Degout works on the repertoire of "lied" and the French melodie with Ruben Lifschitz and performs regularly in recital with pianists Hélène Lucas, Simon Lepper, Michaël Guido, Alain Planès and Cédric Tiberghien in Paris, Lyon, Montpellier, Toulouse, Bordeaux, Strasbourg, Rouen, Grenoble, Lille, Nantes, Tours, Brussels, London, Edinburg, Berlin, Francfurt, Amsterdam, Venice, Rome, Vienna, New York and Chicago.
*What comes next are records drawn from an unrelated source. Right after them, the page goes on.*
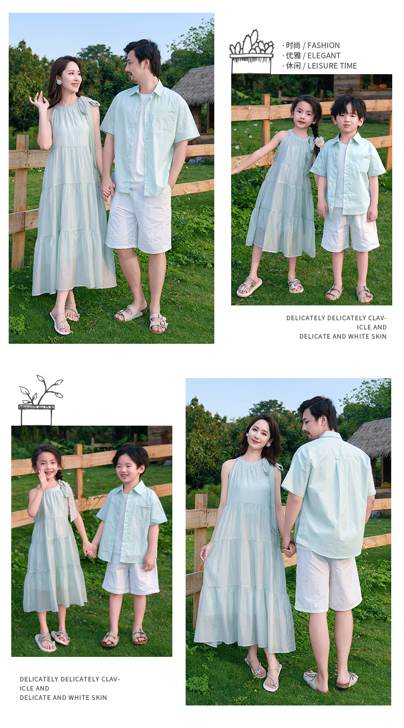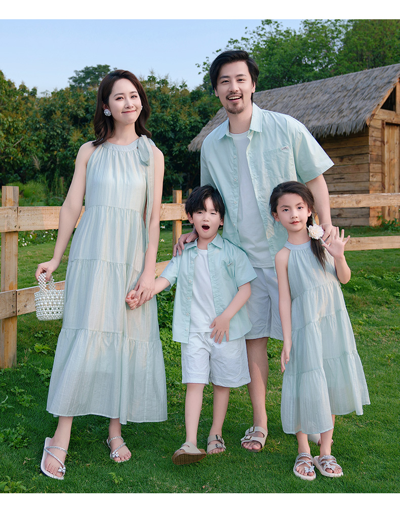 New High-End Family Matching Outfits for Summer, Stylish Mother-Daughter Dresses and Vacation T-Shirt Sets for a Family of Three or Four
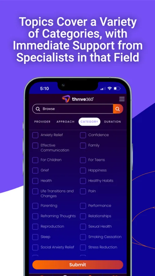 With Thrive360, you have a professional guide in your pocket, available to you anytime, anywhere. No more waiting for appointments or speaking with strangers. You can now receive personalized support and guidance within the comfort and privacy of your own space. Thrive360 recreates and enhances the in-office experience with specialists in different areas, so you can get trusted support immediately.
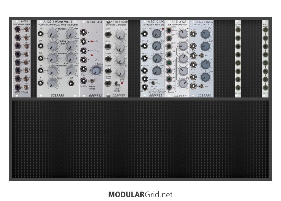 Power Consumption: 270 mA +12V | 170 mA -12V | 0 mA 5V | Depth: 65 mm | Price: $1,172 | Number of Modules: 11 | Data Sheet Achtung This Rack contains modules with incomplete power consumption specs: none
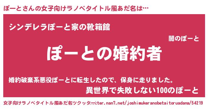 | 男性向けラノベタイトル風あだ名 | 『うちの娘の為ならば、俺はもしかしたらぽーとも倒せるかもしれない。』 |
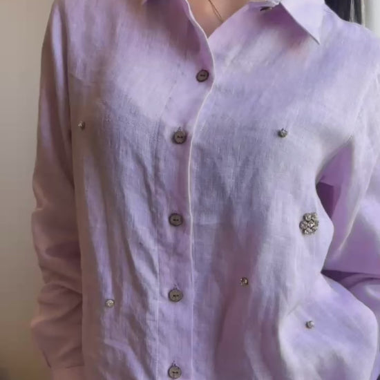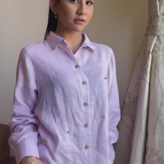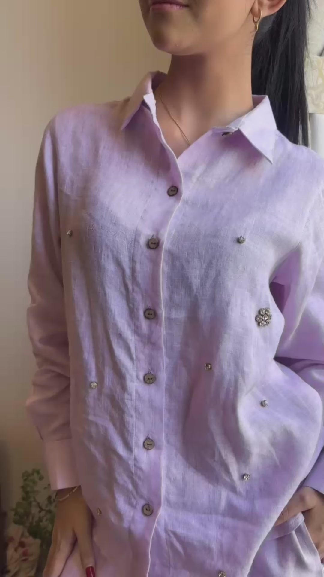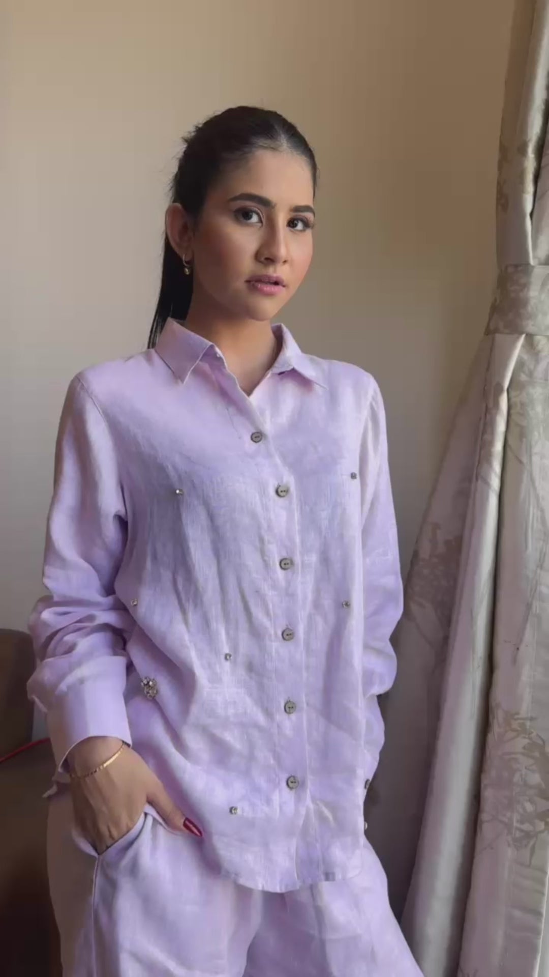 Product Description: Embrace summer elegance with our Light Purple Linen Co-ord Set, crafted from pure linen in a soft mauve hue. The shirt features delicate Swarovski stone detailing, adding subtle sparkle to this breathable ensemble.
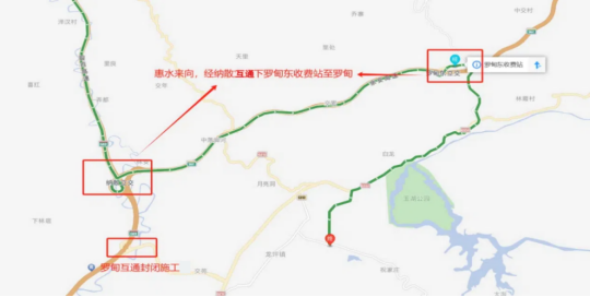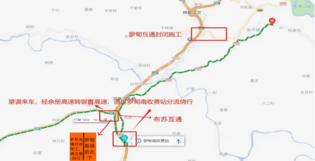 1.贵阳、惠水方向车辆最优绕行路线:银百高速——纳散互通——余册高速——罗甸东收费站绕行,罗甸互通连接线封闭后绕行距离约增9.9公里,耗时约增9分钟。另外,小车也可在罗甸北收费站下站经212国道通行,距离约增3.4公里,耗时约增15分钟。
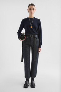 Slim-fit Japanese raw denim trousers Details - we recommend taking one size up - cropped leg - five-pocket - coin pocket - zip and button closure - reversed waistband - dropped crotch - twisted leg seams - Japanese raw denim - 100% cotton - made in Japan - StyleID: J04KA0104J45041405 Care - dry clean only - iron with care Fit - model is 177cm/5'9" and is wearing a size 27 denim - Please note that the physical label of the item will show the Denim sizing
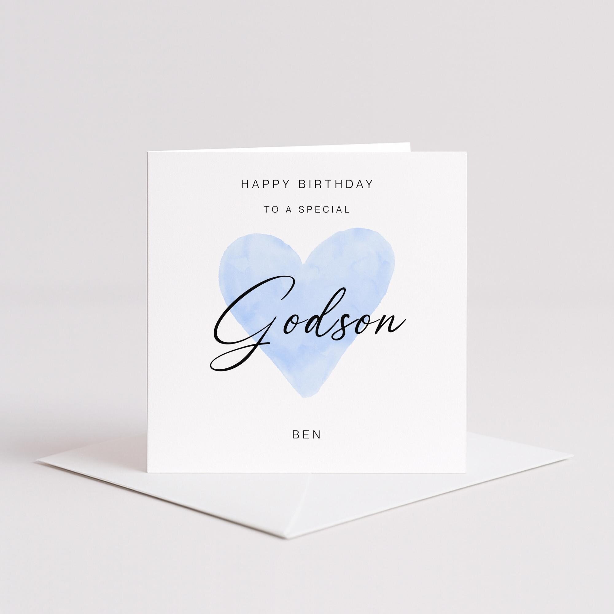 Celebrate your godsons birthday with this heartfelt handmade card, featuring a soft blue watercolour heart and graceful “Godson” script. The message “Happy Birthday to a Special” sits proudly above, while your chosen name appears below in bold uppercase for a personal touch. This clean, minimalist design is perfect for expressing love and appreciation from godparents to their godson. Printed on premium cardstock and made to order, it’s a timeless keepsake that blends elegance with emotional warmth—ideal for birthdays that deserve something truly special.
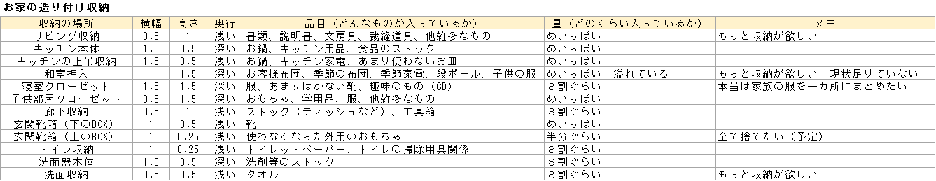 この様に家の収納量に対して、荷物の品目と荷物の量を全部書き出してみる事で、わかりやすく現状を把握出来るようになると思います。
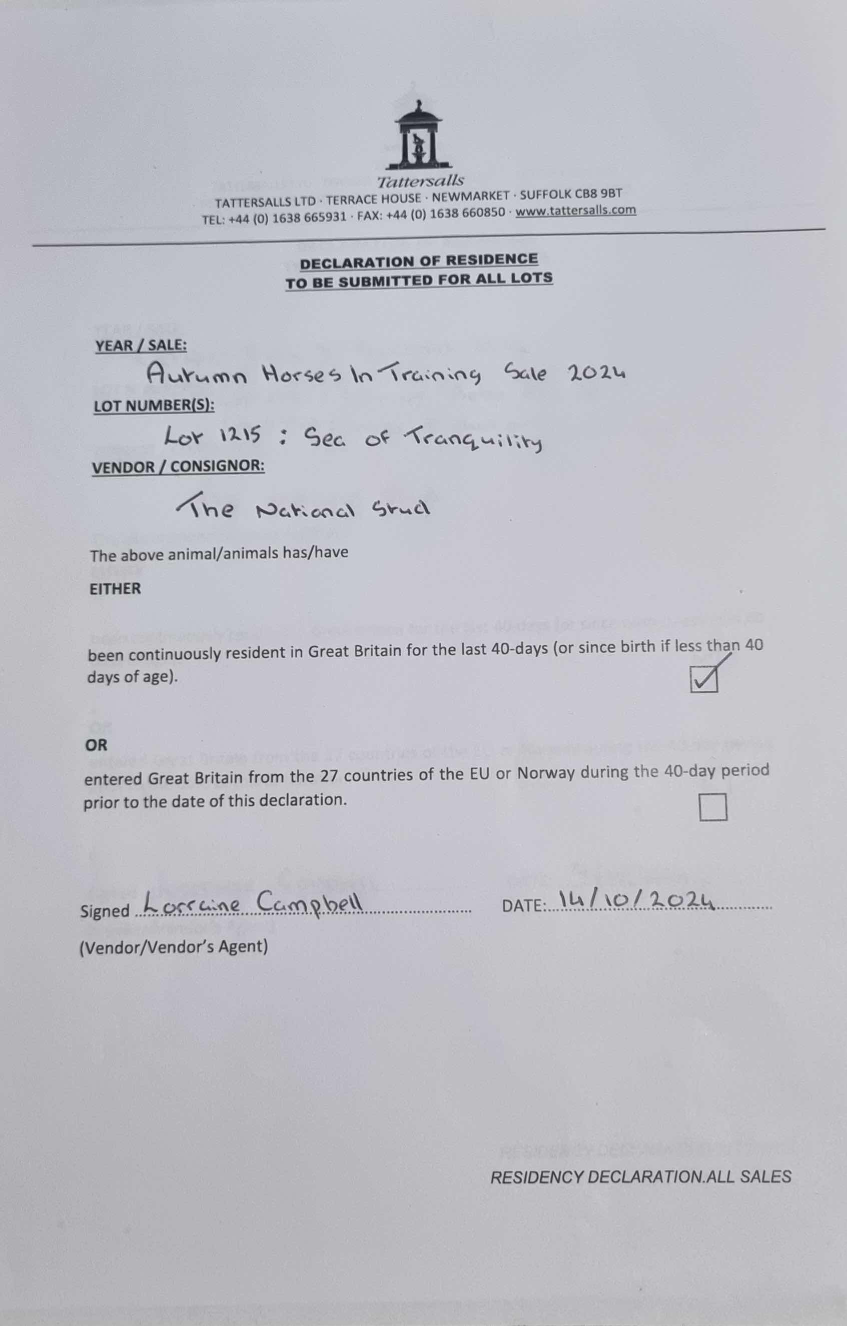 Consignor: The National Stud Ltd.
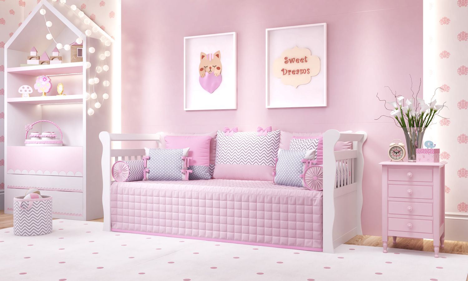 Kit Cama Babá da Coleção Amiguinhas é o conjunto perfeito para completar a decoração do quarto de bebê da sua gatinha! Esse enxoval exclusivo vai acomodar mamães, papais e vovós, além de receber as visitinhas com conforto e estilo. Um sonho infantil com a delicadeza dos tons de rosa, a moderna estampa poá e o divertido chevron zig-zag. São seis lindas peças, confeccionadas com tecidos de ótima qualidade especialmente para transformar a cama de solteiro num sofá impecável, que convida para ninar e descansar.
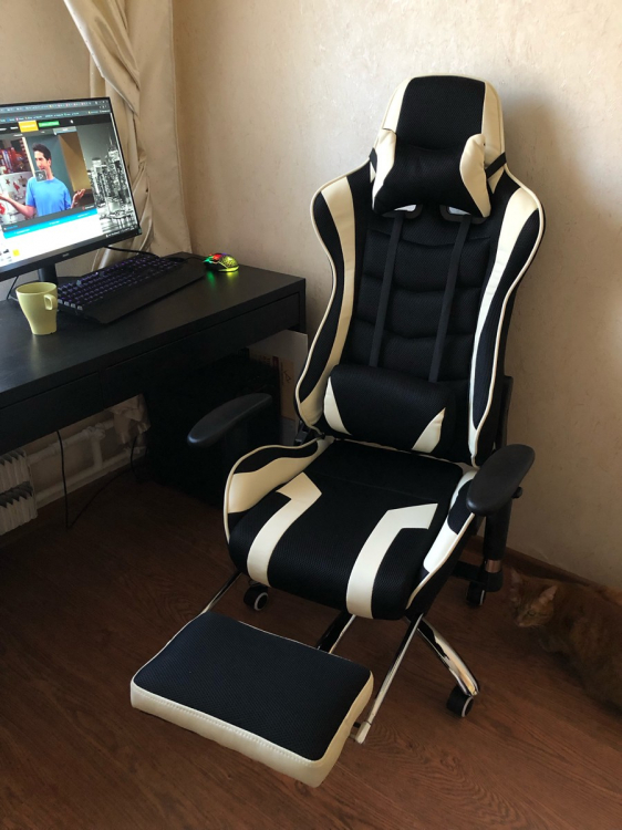 Купила мужу-заядлый игрок, ему очень нравиться, он ростом 2 м, подставка для ног лишняя, подушки удобные, цвет приятный, не марается, летом тело не патеет.; Достоинства: Удобное, красивое; Недостатки: Подставка для ног лишняя, неудобно держать так ноги

He has recorded a first disc Mélodie for the Naïve Records label.

He has been represented since the beginning of his career by Peter Wiggins, Sofia Surgutchowa and Myriam Gamichon within IMG Artists, Paris.

Alongside filmed versions of L'Orfeo (2007), La Bohème (2008, voice only), and Faust (2019), he appeared in the funeral scene of a 2013 film Grand départ singing "O du, mein holder Abendstern".

=== Prizes ===
- 2012: Lyric artist of the year of the Victoires de la musique classique
- 2006: Gabriel Dussurget Prize, Aix-en-Provence Festival
- 2002: Second prize in the Placido Domingo competition/Operalia
- 1998: Fifth prize in the France Télécom competition "Les Voix nouvelles"

=== Distinction ===
- 24 September 2012: Named chevalier in the ordre des Arts et des Lettres

== Repertoire (opera, recital and oratorio) ==
- Johann Sebastian Bach: Jesus, St Matthew Passion
- Hector Berlioz: Claudio, Béatrice et Bénédict; Chorèbe, Les Troyens
- Benjamin Britten: Junius, The Rape of Lucretia; Novice’s friend, Billy Budd; Sid, Albert Herring
- Philippe Boesmans: Ori, Au monde (premiere 2014); The director of the troupe, Pinocchio (premiere 2017)
- Johannes Brahms: Requiem
- Marc-Antoine Charpentier: Oronte, Médée
- Ernest Chausson: Poème de l'amour et de la mer
- Francesco Bartolomeo Conti: Don Chisciotte, Don Chisciotte in Sierra Morena
- François Couperin: Ariane Consolée par Bacchus
- Claude Debussy: Pelléas, Golaud, Pelléas et Mélisande
- Gabriel Fauré: Requiem
- Christoph Willibald Ritter von Gluck: Oreste, Iphigénie en Tauride; Le Grand Prêtre et Herlcule, Alceste
- Charles Gounod: Mercutio, Roméo et Juliette
- Joseph Haydn: Orlando, Orlando Paladino
- Erich Wolfgang Korngold: Franck et Fritz, Die tote Stadt
- Ruggero Leoncavallo: Silvio, Pagliacci
- Gustav Mahler: des Knaben Wunderhorn, Kindertotenlieder
- Jules Massenet: Albert, Werther
- Felix Mendelssohn: Elijah, Elijah
- Benoît Mernier: The Prince, La Dispute (premiere)
- Olivier Messiaen: Frère Léon, Saint François d'Assise
- Claudio Monteverdi: Orfeo, L'Orfeo ; Ulisse, Il ritorno d'Ulisse in patria
- Mozart: Papageno, Die Zauberflöte; Guglielmo, Così fan tutte; Conte Almaviva, Le Nozze di Figaro; Don Giovanni, Don Giovanni
- Jacques Offenbach: Jupiter, Orphée aux Enfers
- Giacomo Puccini: Schaunard, La Bohème
- Jean-Philippe Rameau: Borilée and Adamas, Les Boréades; Adario, les Indes Galantes; Thésée, Hippolyte et Aricie
- Maurice Ravel: l’Horloge et le Chat, L'Enfant et les Sortilèges
- Gioachino Rossini: Dandini, La Cenerentola; Raimbaud, Le Comte Ory
- Johann Strauss II: Gabriel von Eisenstein, La Chauve-Souris
- Richard Strauss: Harlekin, Ariadne auf Naxos
- Ambroise Thomas: Hamlet, Hamlet
- Richard Wagner: Wolfram von Eschenbach, Tannhäuser
- Mélodies and Lieder by Hector Berlioz, Johannes Brahms, Ernest Chausson, Claude Debussy, Henri Duparc, Gabriel Fauré, Franz Liszt, Gustav Mahler, Francis Poulenc, Maurice Ravel, Franz Schubert, Robert Schumann, Richard Strauss, Hugo Wolf.